When Cynthia Bourgeault introduced the contemplative practice of centering prayer at the Festival of Faiths in Louisville last week, she spoke of different practices and traditions as being like colors of the rainbow. Each color is part of the one light, a unique and beautiful aspect that informs our understanding of the light.

I was eager to attend Bourgeault’s talks because her book, The Wisdom Jesus, has been so important in opening my reading of scripture. She is tiny, a package of concentrated energy. Calm and unassuming, with a delightful sense of humor, she bristles with life as she teaches.

Meditation is like putting a stick into the spokes of the monkey mind, she said. It’s all about noticing our thoughts, seeing our patterns of thinking, and letting them go.

Whether we call this practice meditation, centering prayer, or something else, it’s a practice of making ourselves available to a higher mind. It’s an intention to move beyond the machinations of our calculating ego.  As Bourgeault puts it, centering prayer is a practice of returning to God whenever we notice a thought arising. How does one let go of a thought? She demonstrated by standing onstage with her arms outstretched, holding a stick in one hand. She opened her hand and allowed the stick to fall to the floor. Just like that. Let go.

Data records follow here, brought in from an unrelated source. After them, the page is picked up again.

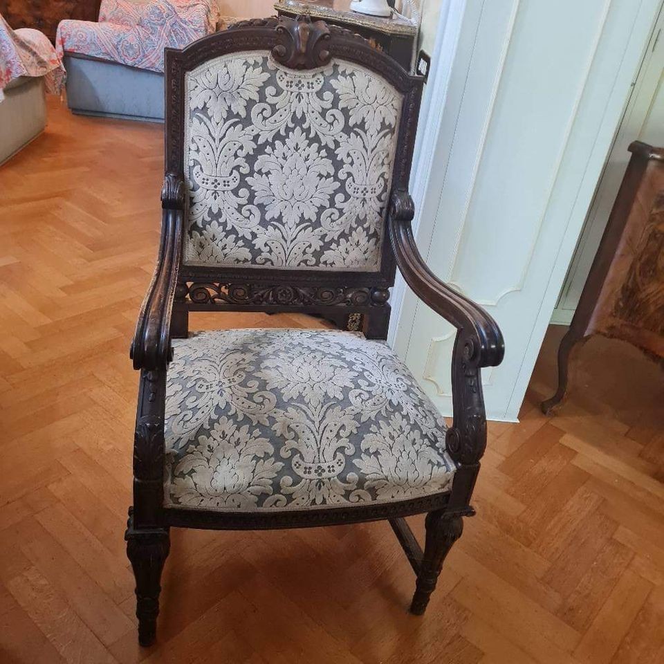 W skład kompletu wchodzi: 2 x pomocnik, stół, 2 x krzesło z podłokietnikami, krzesła.
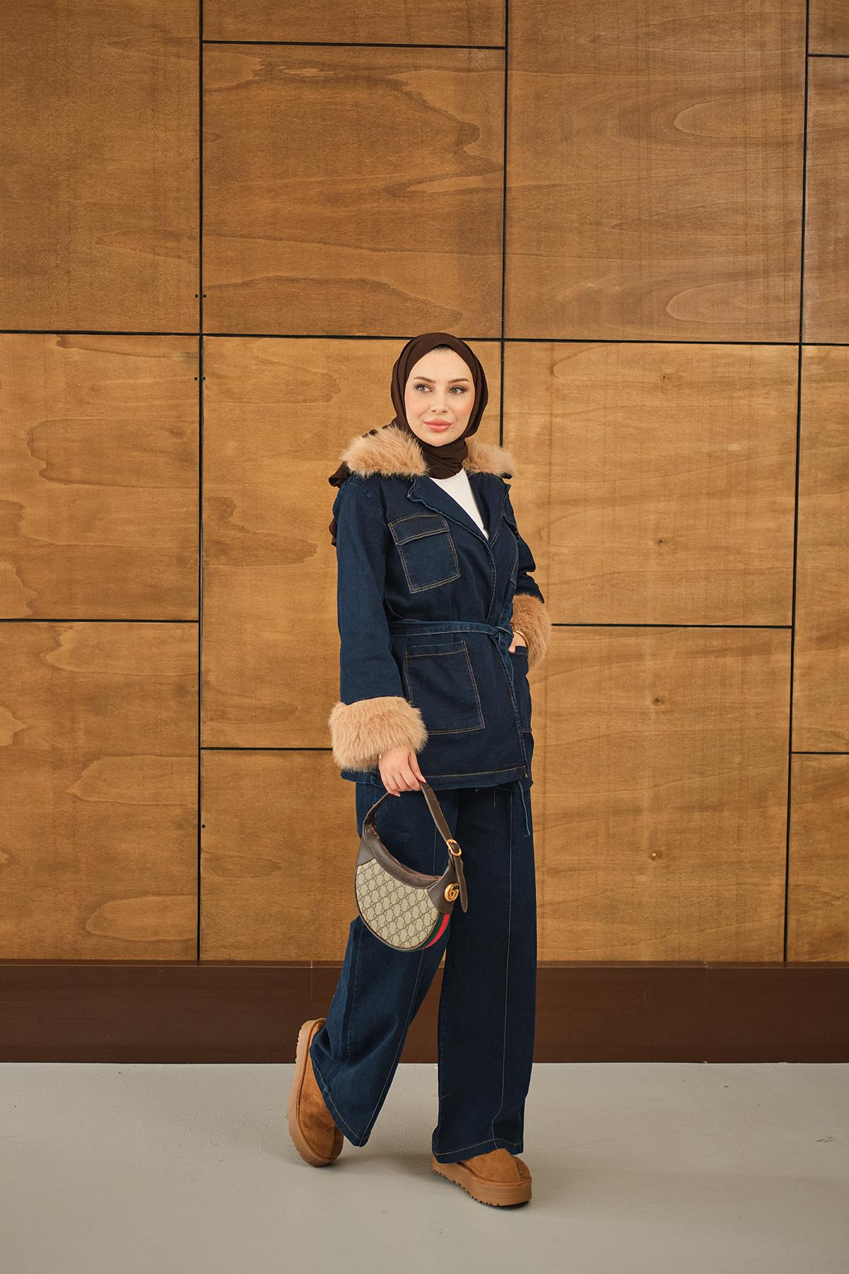 Kürk Detay Kot Takım Lacivert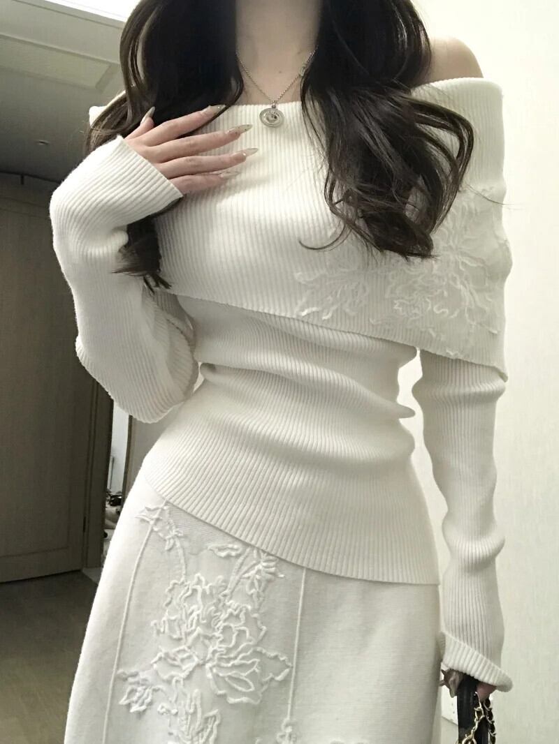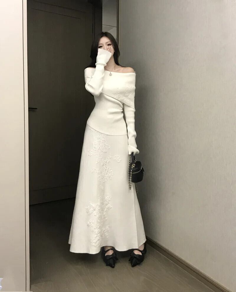 甘いホットガールニットスーツ春オフショルダーセーターウエストミニスカートツーピースセット 大人ガーリー スウィート キュート カジュアル スプリング 春物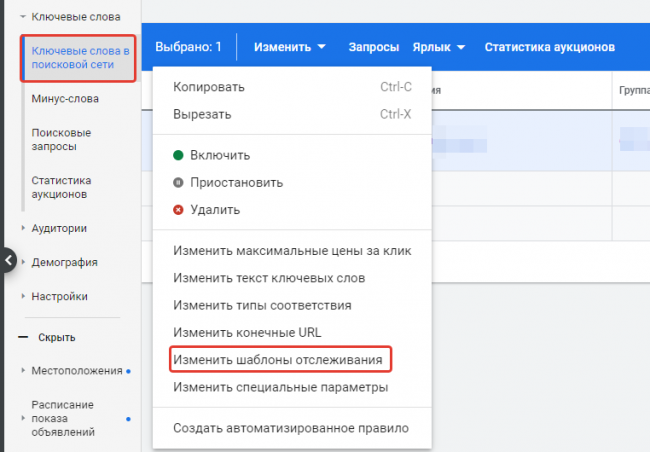 Уровень ключевой фразы: Ключевые слова — Выделяем нужные — Изменить — Изменить шаблоны отслеживания.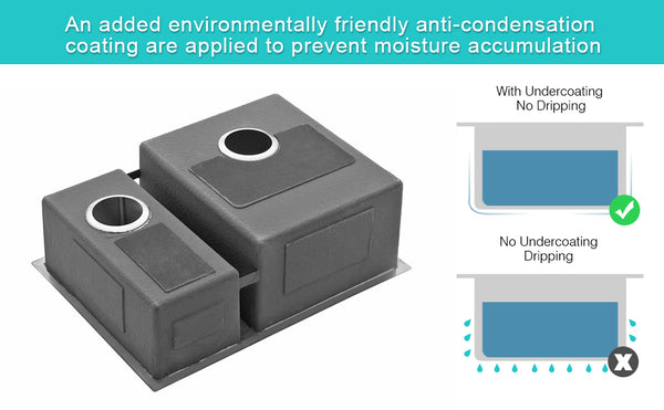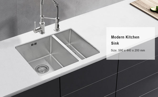 ❥ DEMENSIONS: Sink Size: 590x440x200 mm (L x W x D), Large bowl: 400x340 mm, Small bowl: 400x180 mm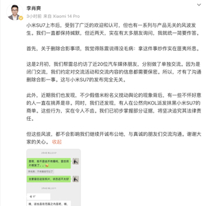 3月31日,小米汽车副总裁@李肖爽发文回应近期风波:“小米SU7上市后,受到了广泛的欢迎和认可,但也有一系列与产品无关的风波发生。我们一直都保持缄默,但近两天,实在有太多朋友询问,我就统一简要作答。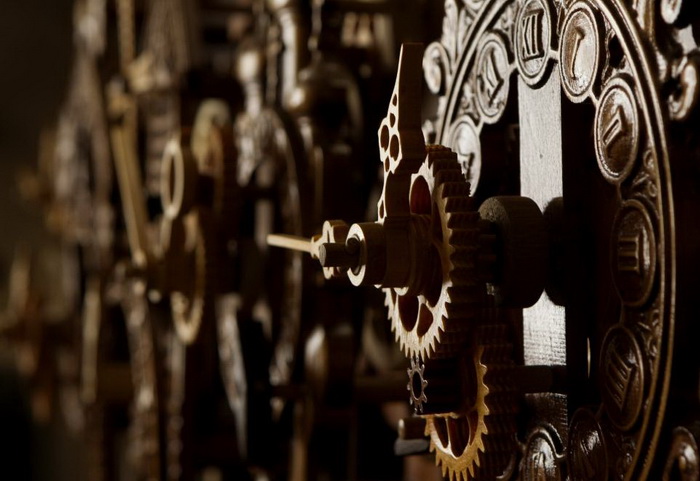 Вначале Андрей Мартынюк старался копировать металлические механизм, но вскоре понял, что добиться точного времени в таком случае невозможно. Во-первых, дерево – более мягкий материал, чем металл, а, во-вторых, влажность портит детали. В результате кропотливой работы мастер научился делать часовые механизмы, размеры зубьев шестерен которых значительно больше традиционных аналогов, кроме того, он пропитывает древесину специальным раствором, который делает ее более устойчивой к влажности.

This inner action of letting go becomes the outer action of letting be, she told the audience. It’s hard to value this spiritual practice at first. What can it possibly accomplish? What’s the point when there are so many other things that need doing?

But in this practice of gently releasing the mind’s tyranny, we open ourselves to another way of perceiving. We practice another way of being. For a brief time we allow a higher wisdom to move through us, and slowly learn to permit that flow in more and more aspects of life. We get beyond how the ego thinks things should be, and learn to be present to what is.

Bourgeault describes this as putting the mind in the heart, yielding a new way of perceiving. She calls it the key to practicing compassion. This deep sense of compassion, beyond what she terms ego and activism and do-goodism, is putting on the mind of Christ. From this place true transformation happens.

As we practice this way of being, we place ourselves in the presence of God. As we get out of the way we allow God to flow through us. As we let go of our ego’s agenda we become available to the flow of our authentic life and experience our connection to others.

The energy in the room was palpable as Bourgeault led us in a silent session of centering prayer. I understood for the first time where the phrase “tugged at my heartstring” comes from as I experienced just such a tangible sensation.

Sitting in meditation it looks like nothing is happening. But there’s more to our lives than what meets the eye.